Bounded function on compact interval that is not Lebesgue integrable Is there an example of a bounded function $f : [a,b] \to \mathbb R$ which is not Lebesgue integrable?
 A: By the axiom of choice, there is a non-measurable set $A$ contained in $[a,b]$.  Then let $f=\chi_A$, the function defined as $\chi_A(x)=1$ if $x \in A$ and $\chi_A(x)=0$ if $x \not\in A$.  One can check that $f$ is measurable if and only if $A$ is measurable, which it's not.  Then $f$ cannot be Lebesgue integrable even though $\|f\|_{\infty}=1$.

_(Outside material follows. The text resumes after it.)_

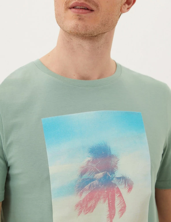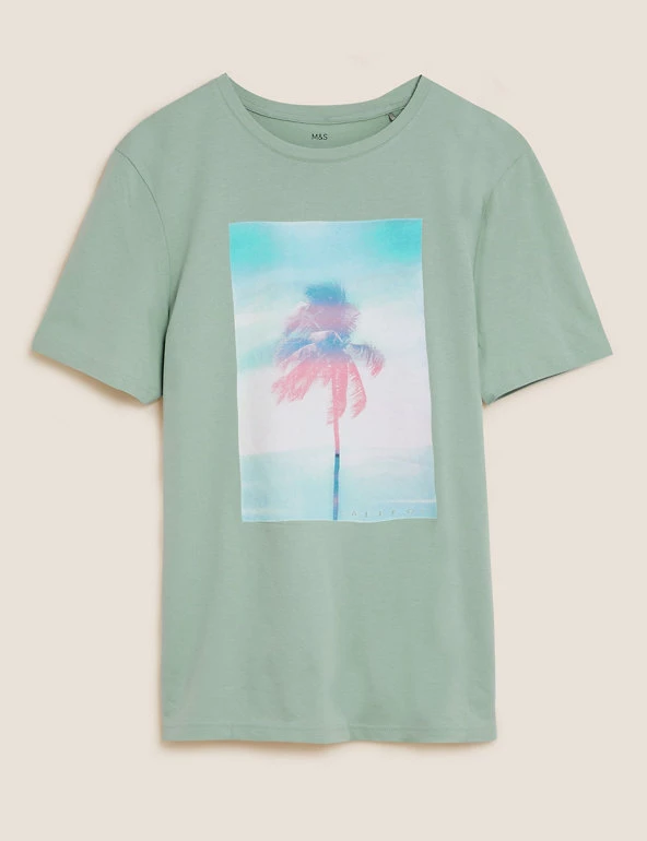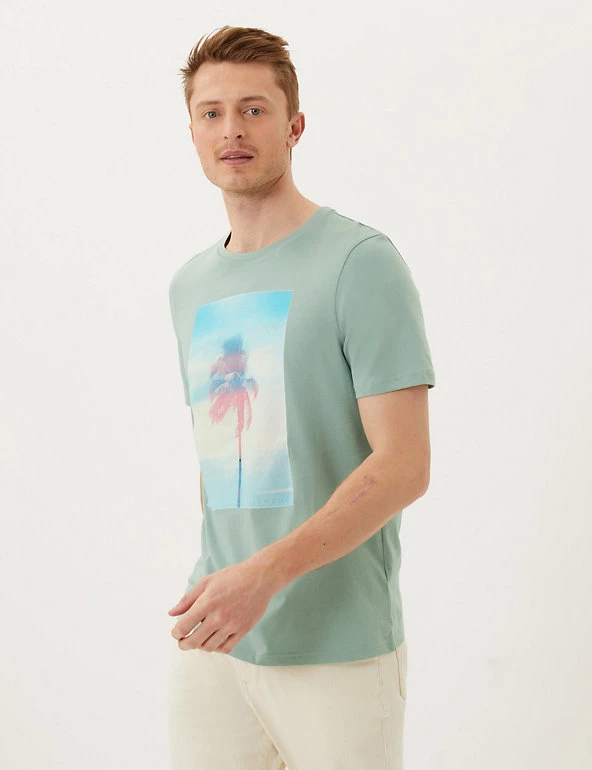 Bring a summery feel to your casual wardrobe with this pure cotton palm tree t-shirt. Regular fit, with a crew neck. Graphic has a cool photoreel effect. We only ever use responsibly sourced cotton for our clothes.
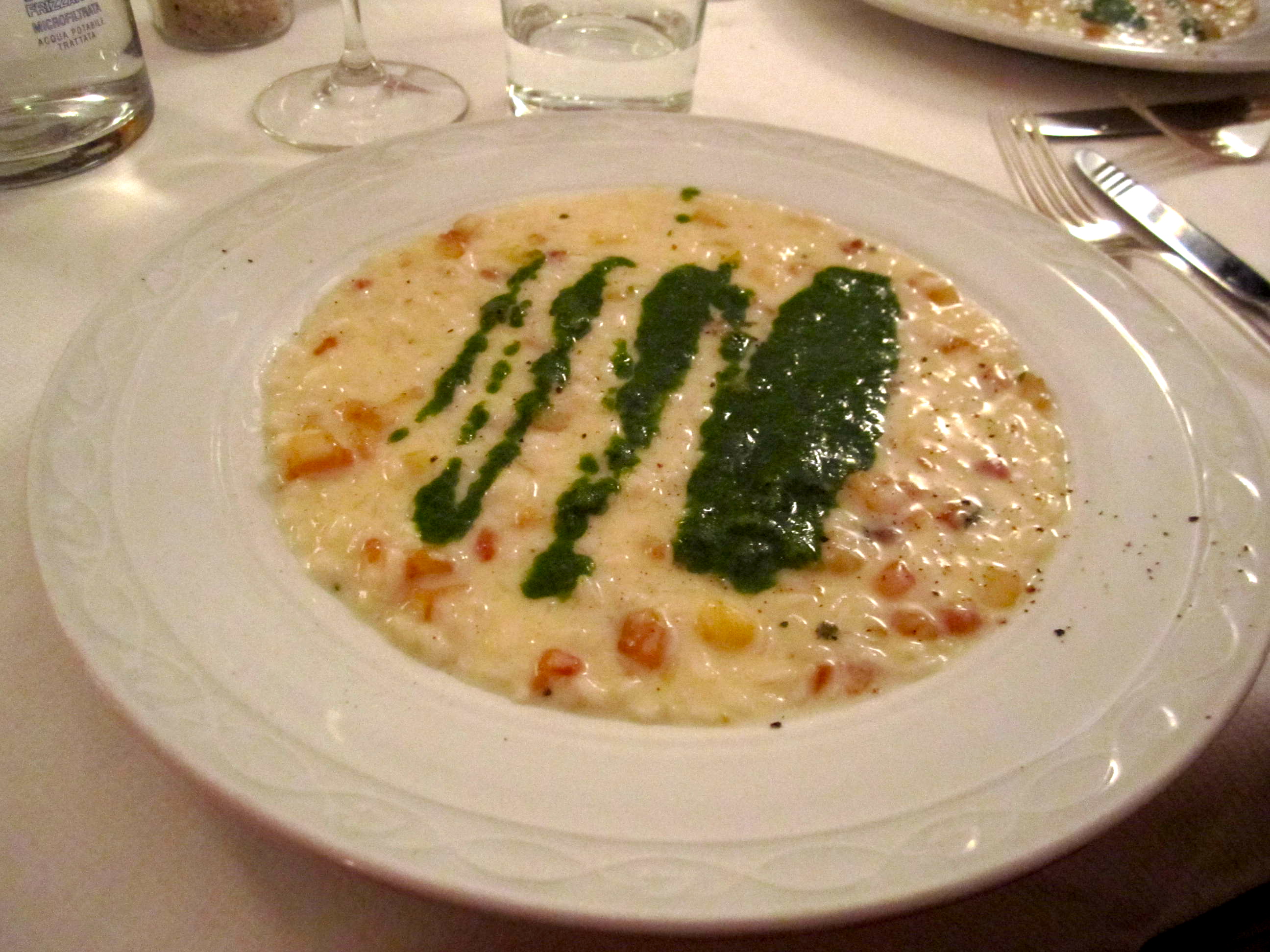 but the piece de resistance was an outrageous creamy risotto with speck and pesto

A: Hint : This function $g(x)=\dfrac{1}{x}\sin\left(\dfrac{1}{x^3}\right)$  has a singularity 
at 0, and is not Lebesgue integrable but this function is not very bound 
and we have :if $f$ is bounded with compact support, the following are 
equivalent:
(01) . $f$ is Henstock–Kurzweil integrable,
(02). $f$ is Lebesgue integrable,
(03) .$f$ is Lebesgue measurable.
Note : In the general no example existed for a bounded functions with 
compact  support to be not lebesgue integrable
addendum :One available compromise is to just work with the following definition of a Riemann integral (which works fine in ${\mathbb R}^n$ as well:
A bounded function $f$ on $[a,b]$ is Riemann integrable if and only if for every $\epsilon > 0$ there are step functions $\psi_1, \psi_2 : [a,b] \to {\mathbb R}$ such that
$$\psi_1 \leq f \leq \psi_2 $$
and
$$\int_a^b \left( \psi_2(x) - \psi_1(x) \right) dx < \epsilon$$
I think using this definition is easy and geometrically intuitive, and on the other hand working with this definition prepares you conceptually for the Lebesgue integral where you juggle "simple" functions instead of step functions.  Thus, you already get a nice piece of the Lebesgue point of view.